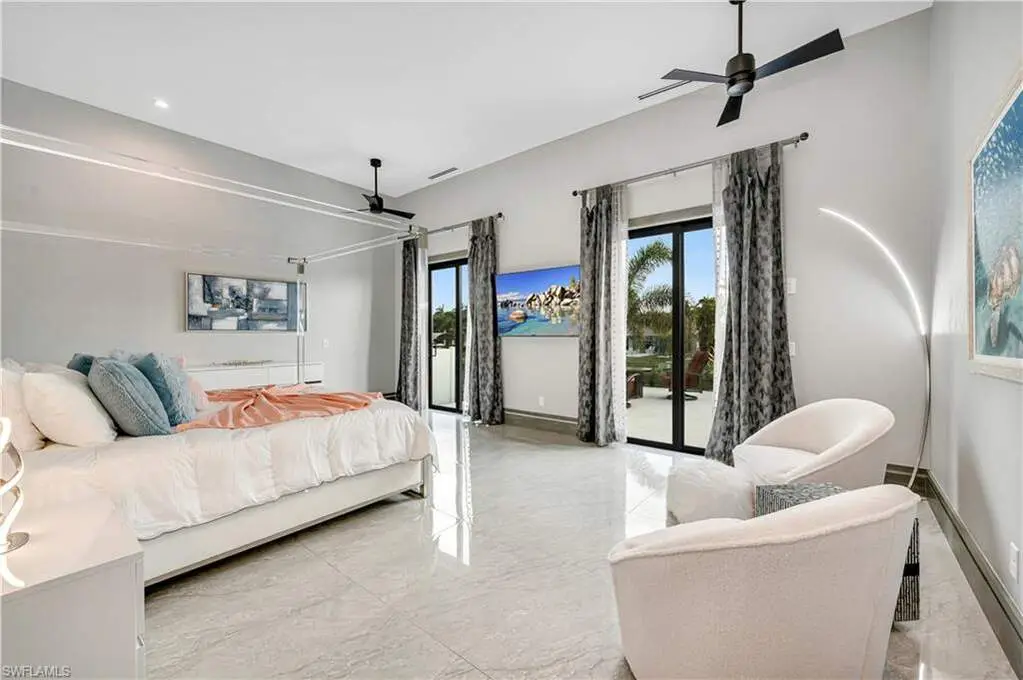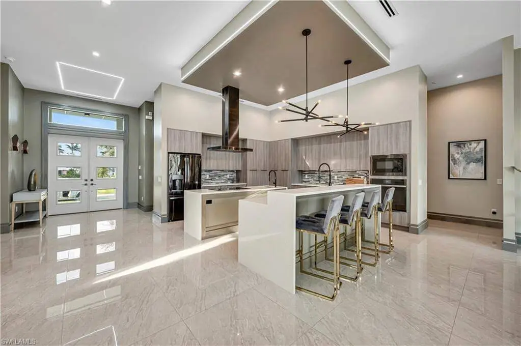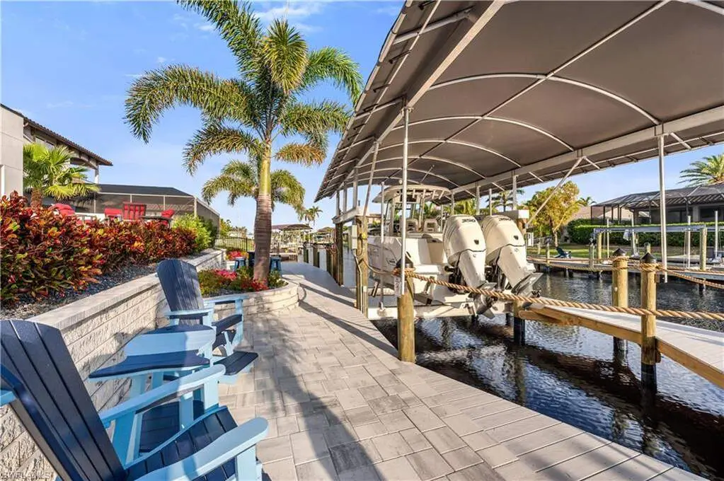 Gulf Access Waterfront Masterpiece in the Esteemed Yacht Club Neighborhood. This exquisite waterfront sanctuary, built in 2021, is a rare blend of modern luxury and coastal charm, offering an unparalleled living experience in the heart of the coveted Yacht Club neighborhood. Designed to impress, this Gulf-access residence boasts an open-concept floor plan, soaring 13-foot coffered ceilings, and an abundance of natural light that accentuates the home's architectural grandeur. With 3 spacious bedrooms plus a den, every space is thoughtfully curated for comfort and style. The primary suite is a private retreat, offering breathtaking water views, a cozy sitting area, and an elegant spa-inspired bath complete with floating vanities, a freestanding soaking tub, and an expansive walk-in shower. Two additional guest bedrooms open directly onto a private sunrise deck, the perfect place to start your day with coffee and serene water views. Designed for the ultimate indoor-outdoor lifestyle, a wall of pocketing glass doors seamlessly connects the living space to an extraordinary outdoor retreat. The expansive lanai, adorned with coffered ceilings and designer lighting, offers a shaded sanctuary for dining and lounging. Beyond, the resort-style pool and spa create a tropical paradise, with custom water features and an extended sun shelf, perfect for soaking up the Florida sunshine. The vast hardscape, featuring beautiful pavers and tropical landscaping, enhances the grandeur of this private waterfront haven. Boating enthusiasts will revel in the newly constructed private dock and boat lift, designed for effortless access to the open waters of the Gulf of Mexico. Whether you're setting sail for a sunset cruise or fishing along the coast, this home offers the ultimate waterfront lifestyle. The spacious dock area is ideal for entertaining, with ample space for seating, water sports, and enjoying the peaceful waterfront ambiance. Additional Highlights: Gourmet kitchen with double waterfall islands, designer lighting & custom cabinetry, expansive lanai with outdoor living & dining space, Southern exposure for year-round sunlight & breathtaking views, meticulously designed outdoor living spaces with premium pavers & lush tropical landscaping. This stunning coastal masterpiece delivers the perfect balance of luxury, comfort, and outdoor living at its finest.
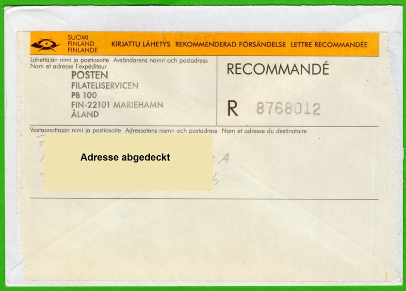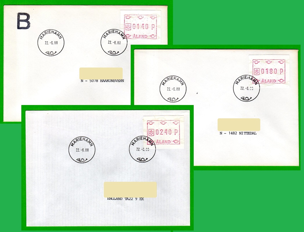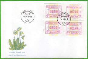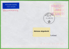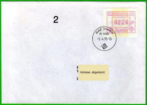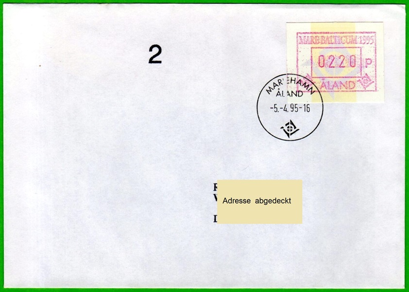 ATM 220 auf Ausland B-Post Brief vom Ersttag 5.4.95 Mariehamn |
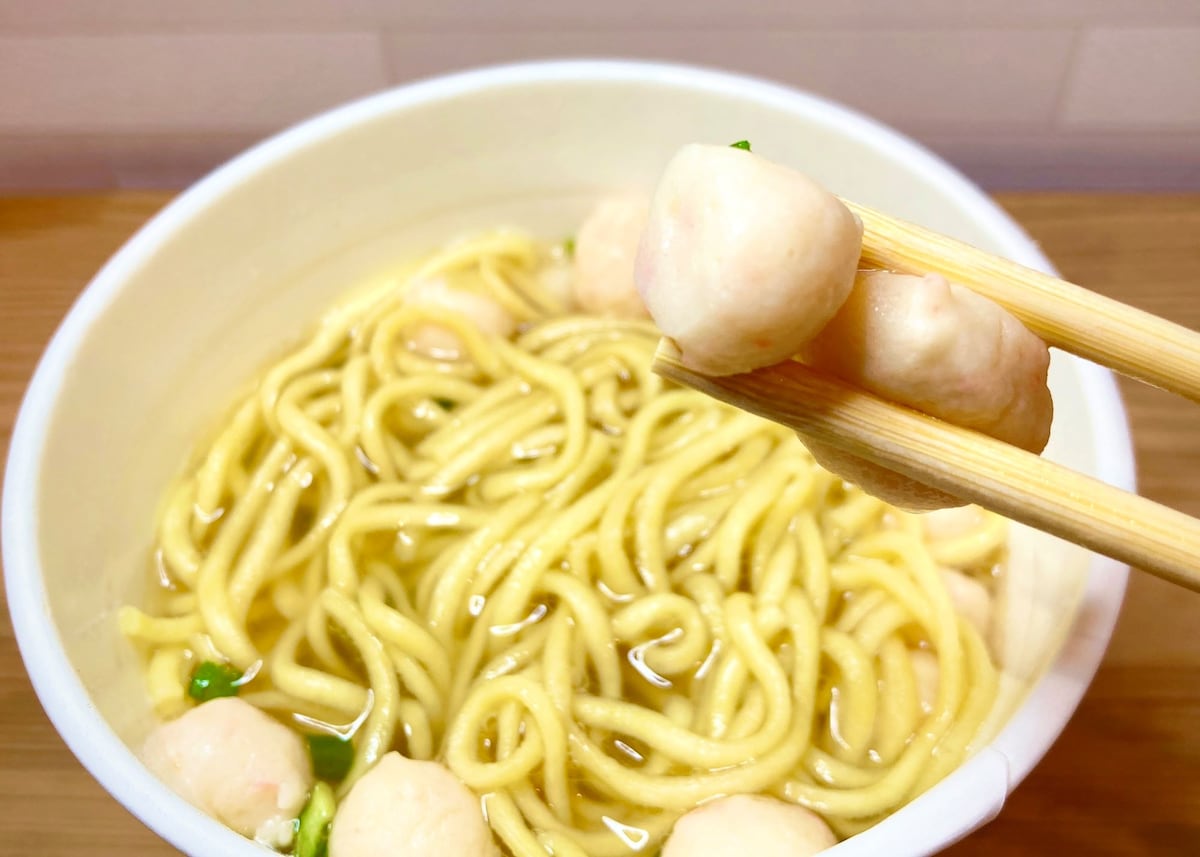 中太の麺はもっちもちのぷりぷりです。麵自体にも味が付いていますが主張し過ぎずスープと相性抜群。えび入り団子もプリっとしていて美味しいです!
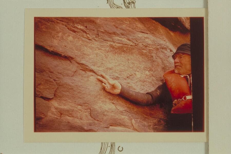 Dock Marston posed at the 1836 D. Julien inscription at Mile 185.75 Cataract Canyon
---------------
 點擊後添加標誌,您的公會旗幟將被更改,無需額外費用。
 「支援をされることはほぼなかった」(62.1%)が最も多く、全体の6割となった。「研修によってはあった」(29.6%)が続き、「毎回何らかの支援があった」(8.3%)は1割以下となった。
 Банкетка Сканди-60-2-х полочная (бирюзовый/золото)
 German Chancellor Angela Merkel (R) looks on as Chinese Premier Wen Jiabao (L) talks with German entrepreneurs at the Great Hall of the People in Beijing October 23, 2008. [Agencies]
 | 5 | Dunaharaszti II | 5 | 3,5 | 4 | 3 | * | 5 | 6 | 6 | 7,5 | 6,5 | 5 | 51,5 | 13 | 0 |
---------------
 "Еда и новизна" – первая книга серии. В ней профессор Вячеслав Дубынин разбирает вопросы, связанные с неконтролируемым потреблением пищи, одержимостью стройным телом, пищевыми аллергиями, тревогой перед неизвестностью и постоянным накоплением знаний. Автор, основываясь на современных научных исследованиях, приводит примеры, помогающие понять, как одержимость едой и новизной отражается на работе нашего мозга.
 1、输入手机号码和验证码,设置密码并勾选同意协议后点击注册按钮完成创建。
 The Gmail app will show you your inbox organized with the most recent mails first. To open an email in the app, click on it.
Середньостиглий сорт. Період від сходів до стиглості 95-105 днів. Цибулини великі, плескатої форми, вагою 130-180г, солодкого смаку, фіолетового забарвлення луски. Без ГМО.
---------------
> WORK TO BE COMPLETED: Please return the lines above that run from the line containing "German Chancellor Angela" to the line containing "51,5 | 13 | 0 |", inclusive, exactly and with no other lines.

> TASK ANSWER:
 German Chancellor Angela Merkel (R) looks on as Chinese Premier Wen Jiabao (L) talks with German entrepreneurs at the Great Hall of the People in Beijing October 23, 2008. [Agencies]
 | 5 | Dunaharaszti II | 5 | 3,5 | 4 | 3 | * | 5 | 6 | 6 | 7,5 | 6,5 | 5 | 51,5 | 13 | 0 |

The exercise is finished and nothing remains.